As described above, the present invention provides a high-frequency heating device equipped with at least a detection means for detecting reflected power and an impedance variable device for matching load impedance and source impedance. The variable impedance is controlled based on the amount of reflected power or the relative ratio of reflected power and incident power, and the initial reflected power is maintained and changes as the heating progresses based on the amount of reflected power or the relative ratio of reflected power and incident power. The device controls the output power of the heating heat source, allows you to grasp the heating progress of the object to be heated from moment to moment, automatically sets the heating time according to the object to be heated, and performs so-called automatic heating. It is possible to increase the efficiency of high-frequency heating to the load as a fuel, save energy, and reduce reflected power to prevent damage to the high-frequency heating heat source and extend its life. This has the effect of making it easy to carry out.

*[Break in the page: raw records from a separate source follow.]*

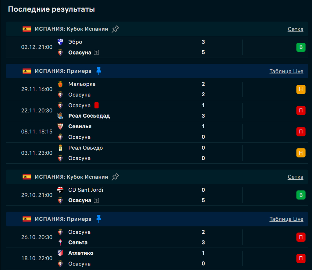 «Осасуна» победила «Эбро» в Кубке Испании (5:3), сыграла вничью с «Мальоркой» (2:2), проиграла «Реал Сосьедад» (1:3), «Севилье» (0:1) и «Реал Овьедо» (0:0). Несмотря на низкую результативность в Примере, кубковый матч показал, что атака способна на всплески.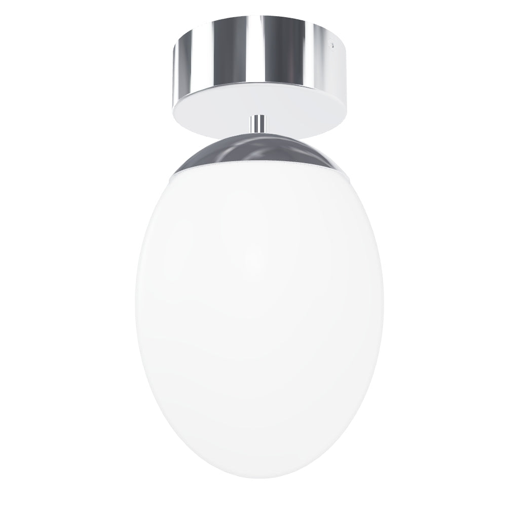 Овална стъклена таванна лампа с хромирана основа. Подходяща за използване в бани.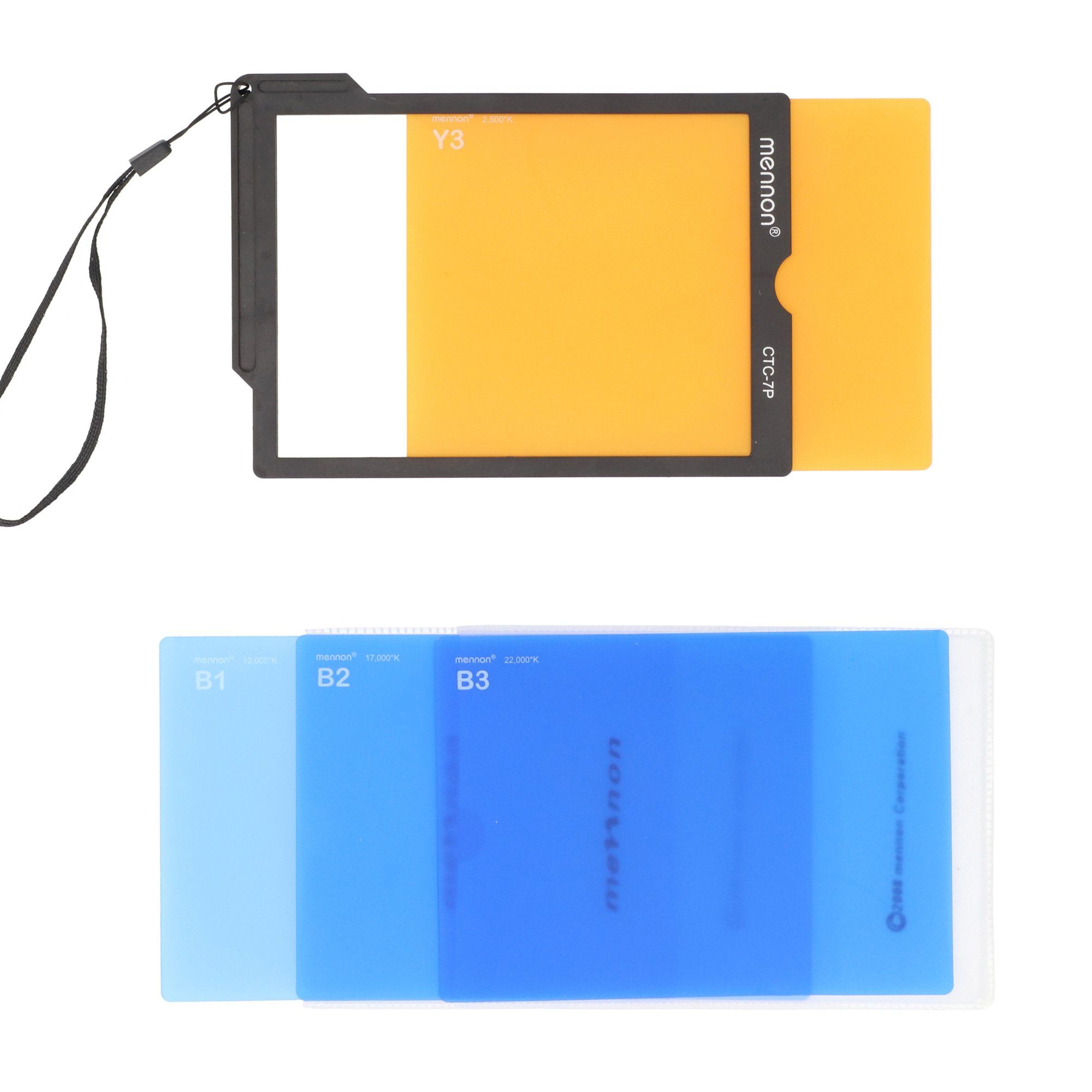 Das Set besteht aus einer Weißabgleich-Karte, einer gelben, zwei orangefarbenen und drei verschiedenen blauen Karten. Die Karten sind aus stabilem, semi-transparentem Kunststoff gefertigt und können zum Gebrauch in den zugehörigen Rahmen mit Handschlaufe gesteckt werden.

[Brief explanation of the drawing]

Fig. 1 is a light-load efficiency characteristic diagram of a conventional high-frequency heating device, Fig. 2 is a characteristic diagram showing the relationship between the temperature of the heated object and ε _r and tan δ, and Fig. 3 is a high-frequency heating device showing an embodiment of the present invention. FIG. 4 is a block diagram of a heating device; FIG. 4 is a block diagram of a two-way coupler for detecting incident power and reflected power according to an embodiment of the present invention; FIG. 5 is a block diagram of a stub tuner for impedance matching according to an embodiment of the present invention. Diagram,
FIG. 6 is a control signal flow block diagram of a high frequency heating device showing one embodiment of the present invention. 1... High-frequency heating heat source, 2... Two-directional coupler (power detector), 4... Heating chamber, 6... Heated object,
7... Controller, 8, 9... Stub tuner (impedance variable device), 24... Initial relative value holder, 25... Heating heat source controller, 27... Impedance variable signal generator, Pi, Pi'... incident power,
Pr, Pr'... Reflected power, Pr', t _O ... Initial reflected power value, Pr'(t)/Pi'... Relative ratio of incident power and reflected power.

Claims (1)

[Scope of Claims] 1. A heating chamber that accommodates an object to be heated, a high-frequency heating heat source that generates microwave energy to supply power to the heating chamber, and a power source that controls incident power to the heating chamber and reflected power from the heating chamber. At least a power detector for detecting reflected power, a variable impedance device attached to a microwave energy transmission path between the power detector and the heating chamber, and a preset amount of reflected power at the start of heating. The variable impedance is controlled as follows, and the initial reflected power value after this control is held, and the power change amount is the difference between this initial reflected power value and the reflected power value that changes as the heating time elapses. and a controller that controls output power of the high-frequency heating heat source based on. 2 The power detector is configured to detect incident power and reflected power, and the variable impedance is controlled based on the relative ratio of reflected power and incident power so that the relative ratio becomes less than a preset value at the start of heating. At the same time, the initial relative value after this control was held, and the output power of the high-frequency heating heat source was controlled based on the relative ratio change amount of the difference between this initial relative value and the relative value that changed as the heating time elapsed. A high frequency heating device according to claim 1.